Lectionary ℓ 251
- Text: Evangelistarium
- Date: 10th century
- Script: Greek
- Now at: Russian National Library
- Size: 29.2 cm by 21.8 cm

= Lectionary 251 =

Lectionary 251, designated by siglum ℓ 251 (in the Gregory-Aland numbering), is a Greek manuscript of the New Testament, on parchment. Palaeographically it has been assigned to the 10th century.
Scrivener labelled it as 195^{evl}.

== Description ==

The codex contains lessons from the Gospels lectionary (Evangelistarium),
on 251 parchment leaves. It contains texts of the Gospel of John.

The text is written in Greek large minuscule letters, in two columns per page, 26 lines per page. It has breathings and accents; error of itacism is rare.

== History ==

Scrivener and Gregory dated the manuscript to the 10th century, de Muralt to the 9th or 10th century. It has been assigned by the Institute for New Testament Textual Research to the 10th century.

The manuscript was examined and described by Zalousky and Eduard de Muralt.

The manuscript was added to the list of New Testament manuscripts by Scrivener (number 195) and Gregory (number 251).

The manuscript is not cited in the critical editions of the Greek New Testament (UBS3).

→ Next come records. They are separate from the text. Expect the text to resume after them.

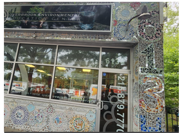
Outside Front View of OEEC

In 2022, JASTECH received Land Revitalization Technical Assistance (LRTA) to help develop a site reuse assessment and concept. The assistance included performing a market study and identifying funding resources for site development. Ultimately, the assistance provided a plan towards the site's redevelopment of senior affordable housing, public event space, a health center, and expansion of the education center. An approach to the Farmacy Redevelopment was also provided, outlining the steps to bring the idea to life. Once completed, the Farmacy will serve as a wellness center for the community, offering healthy, organic food to encourage healthier living.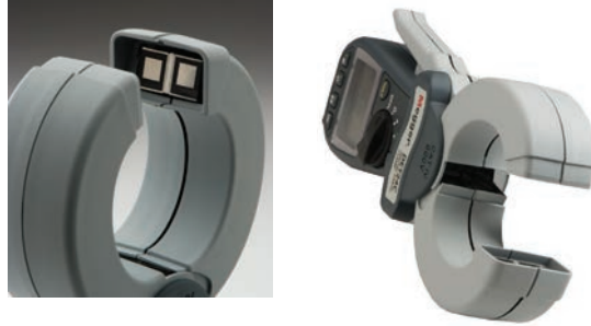
The clamp head of the DET14C/24C has a smooth mating surface and no interlocking teeth. Its large elliptical design improves access to the test specimen.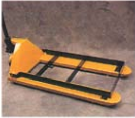
Skid Adaptor – Transforms the truck for either pallet or skid use. Secures easily in a vertical position.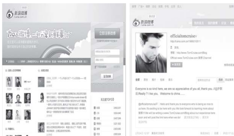
Figure 2. Weibo homepage and Hollywood Actor's official page

Weibo's fever has attracted some news sites and online portals to highlight the euphoria. Government, political elites, opinion makers, and academics in the country have their own Weibo. Even international celebrities open their own Weibo's page.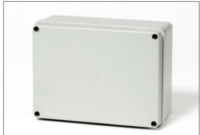
Junction Box Opaque lid.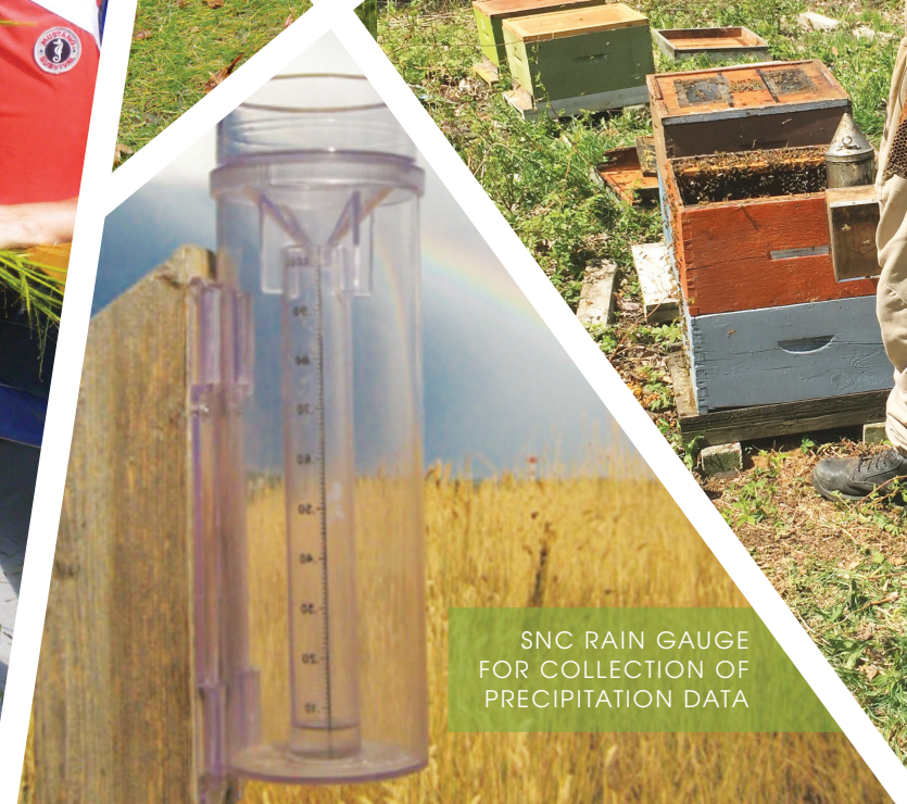
SNC RAIN GAUGE FOR COLLECTION OF PRECIPITATION DATA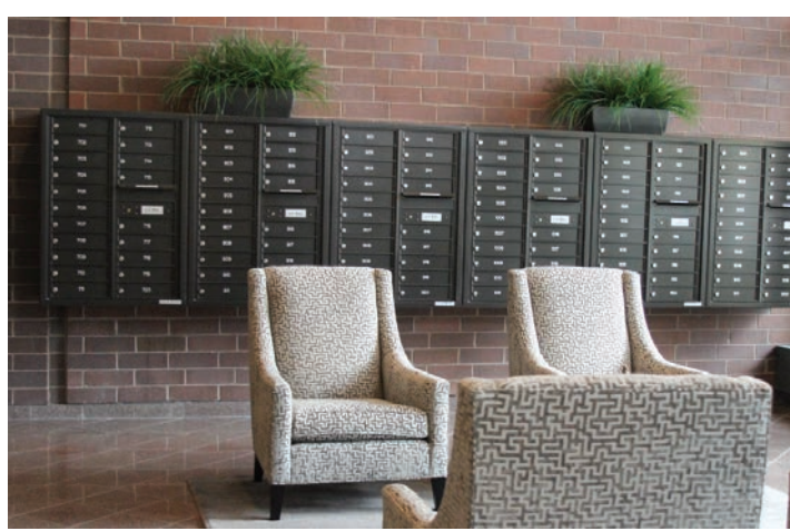
Surface-mounted 4C mailboxes are perfect for limited wall depth projects.

mailbox installation, or starting a new construction project, Imperial stands ready to assist you.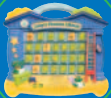
Leap's Phonics™ Library 3+ years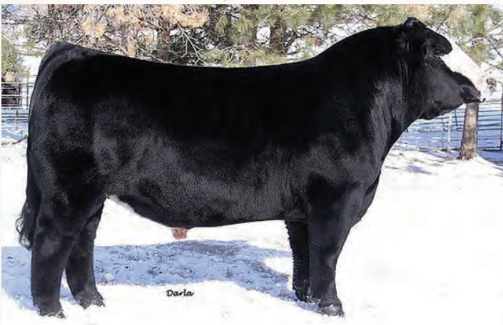
Mr HOC Broker - Sire

A real excellent opportunity to tie into an awesome cow family with this March born Broker heifer calf. Stylish to the core and very correct and sound in structure.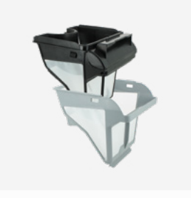
Filter canister Dual stage filter: 150/60 µ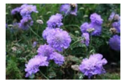
Scabieuse colombaire Pincushion Flower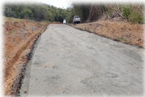
Fig. 3 Goodwood to Mt. St George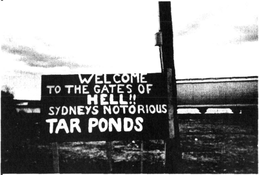
Figure 2: Waiting for the big dig: Intercolonial Street, May 2002.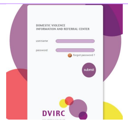
DVIRC Log-in Screen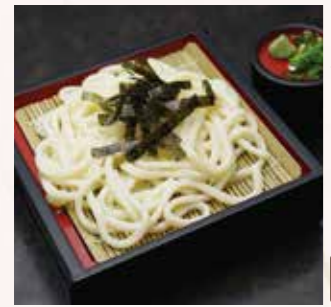
Cold udon noodle with sauce (Wasabi, Green onion, Nori)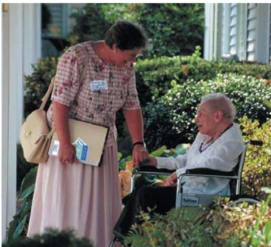
Making the home safer makes your life easier!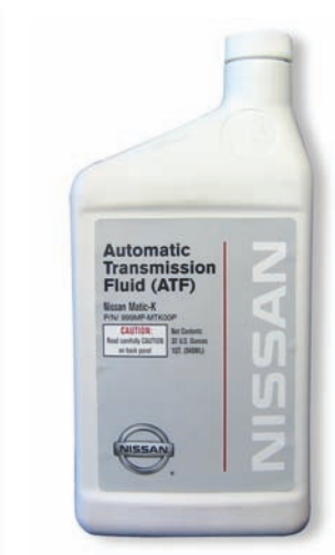
Nissan Genuine Transmatic K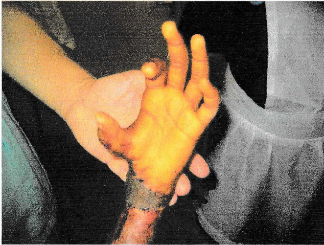
Child after plastic surgery

Am Sandberg 20 34253 Lohfelden Tel. privat 0561/516608 E-Mail m.wright@gmx.net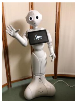
Fig. 1: Waving posture of Pepper robot.

Pepper robot, released from Softbank Robotics, is very popular in these kinds of human robot interaction applications. Initially it was particularly designed for an application of business uses in Softbank stores, it becomes a platform of interest for various other applications including academics and home-entertainment areas. Pepper robot was designed by these principles: pleasant appearance, safety, interactivity, affordability and good autonomy [2]. Pepper robot has a smart appearance with its humanoid upper body, operated with amazing functionalities such as emotion perception, speaking with gestures and omnidirectional movement provided by the wheeled base. It can interact with humans through speech, and if the customer requests some information, it can also give answer by either speech feedback, or visual feedback using a tablet [1].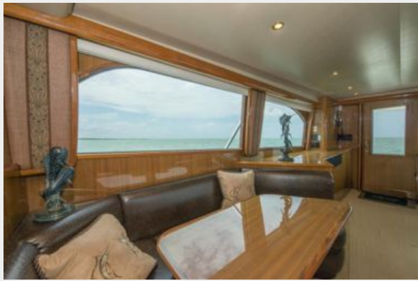
2006 Viking 61 Convertible - Dinette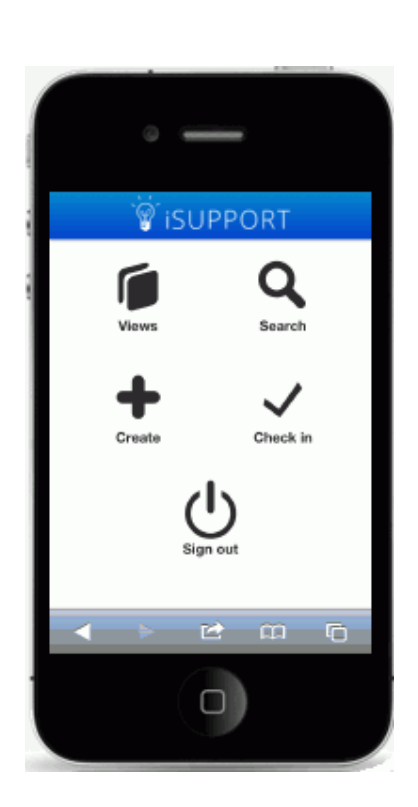
iSupport's smart phone and tablet interfaces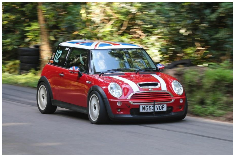
Picture: Richard Trevail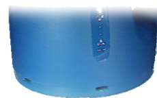
'Details' in the vessel to position the circular clip and element plate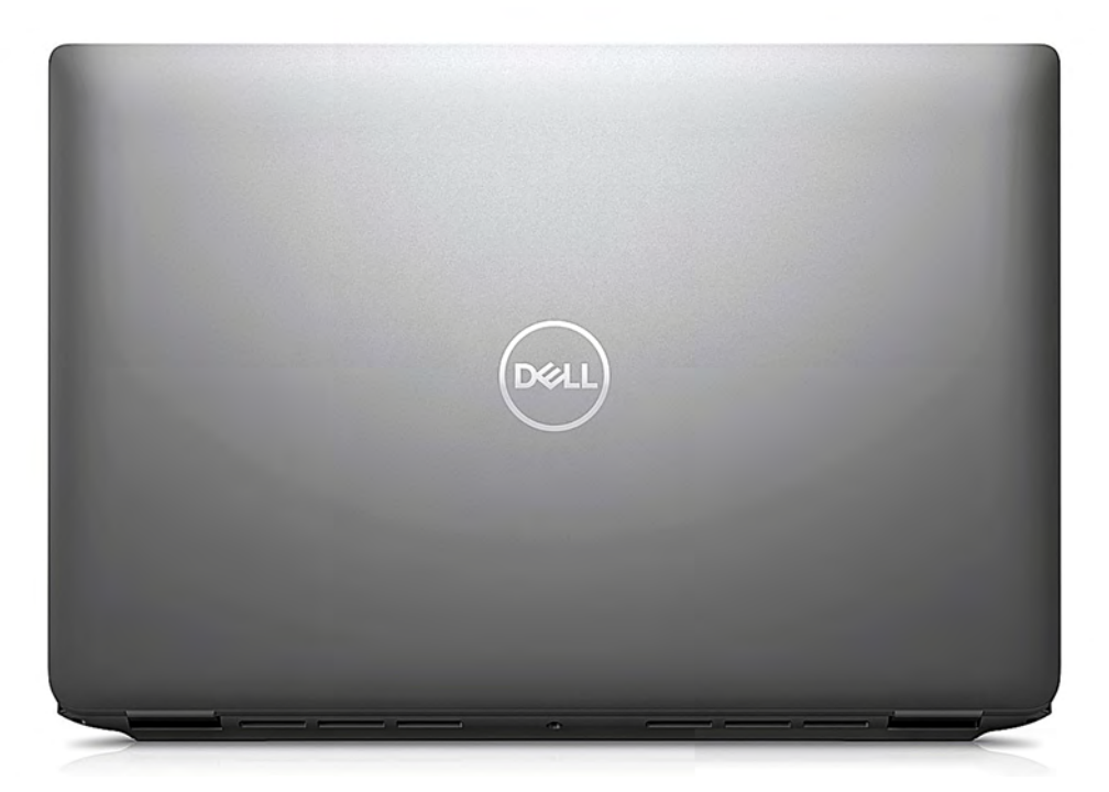
Figure 3. Color, material, and finish

This section provides the color, material, and finish (CMF) specifications of your Latitude 5440.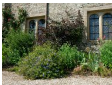
Ceratostigma & Cotinus 'Royal Purple'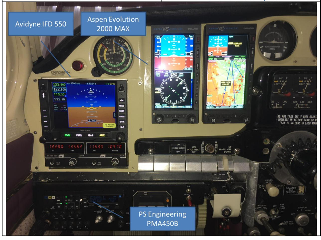
Previous Panel Hacks Repaired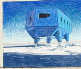
home for 6 months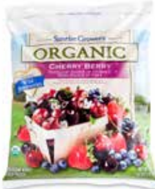
Sunrise Growers Organic Cherry Berry Fruit Blend Gold Award Winner - Printing and Shelf Impact ProAmpac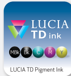
LUCIA TD Pigment Ink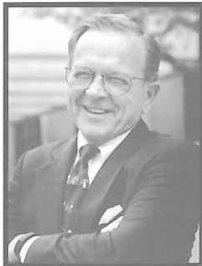
SENATOR TED STEVENS 1923-2010

"My future is in God's hands. The future of Alaska, however, is in your hands."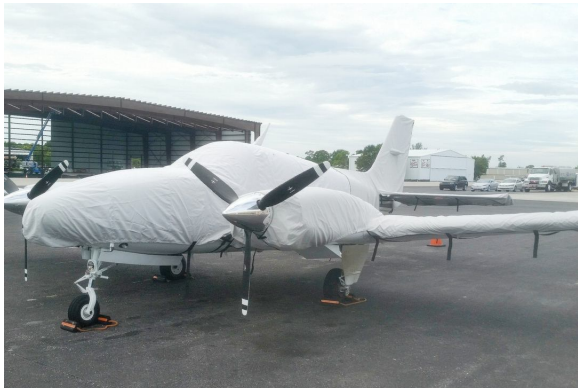
Full Cover Set (58P-020, 58P-225, 58P-405)

The codex is housed at the Russian National Library (Gr. 56) in Saint Petersburg.

== See also ==

- List of New Testament lectionaries
- Biblical manuscript
- Textual criticism
- Lectionary 250

== Bibliography ==

- Eduard de Muralt, Catalogue des manuscrits grecs de la Bibliothèque Impériale publique (Petersburg 1864), p. 32 (as LVI)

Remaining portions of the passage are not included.